I attached my cfg. It's the one coming with tls-openSER and i think you wrote it : )
chris... Bogdan-Andrei Iancu schrieb:
Hi Chris,
does the error persist? if so, please let me know what relaying function are you using, in what format and what is the RURI.
regards, bogdan
Christoph Fürstaller wrote:
Hi Bogdan,
I think I found a way to connect minisip to SER. I had to open up a UDP Port (5060) as well. Then minisip is registering imidiatly. (didn't changed a think in openser.cfg). But why do I have to do that? I captured all the traffic, but there is nothing transmitted in cleartext (sip) everything is encypted. I also upgraded to the lates cvs version. (tried this with/without the UDP Port)

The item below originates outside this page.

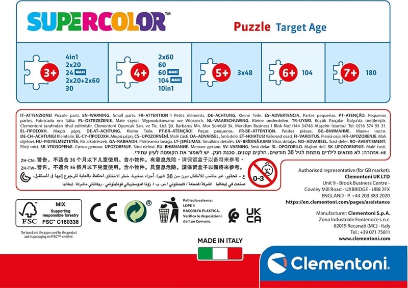 Hlavnými rysmi puzzle Clementoni je vynikajúca ostrosť, kvalita tlače, perfektne zapadajúce dieliky a robustná elegantná krabica na puzzle. Puzzle už odjakživa pomáhajú malým aj veľkým deťom rozvíjať manuálnu zručnosť navyše je obľúbenou zábavou už mnoho rokov. Výborne upúta koncentráciu, precvičuje jemnú motoriku a výborne zaplní voľný čas. Hodí sa pre všetky vekové skupiny detí i dospelých.

The only thing i'm checking in the cfg is authentication against mysql db. Nothing more.
chris...
chris... Bogdan-Andrei Iancu schrieb:
Hi Chris,
what relaying script function are you using and what format? looks like even for REGISTER you are doing a sort of relaying...
also be sure you are using the latest cvs version (for devel branch).
regards, bogdan
Christoph Fürstaller wrote:
Hi,
I've managed minisip to connect to tls enabled openser. The tls connection is established fine, but when i try to register or try to call i get errors. See attached ser debug output.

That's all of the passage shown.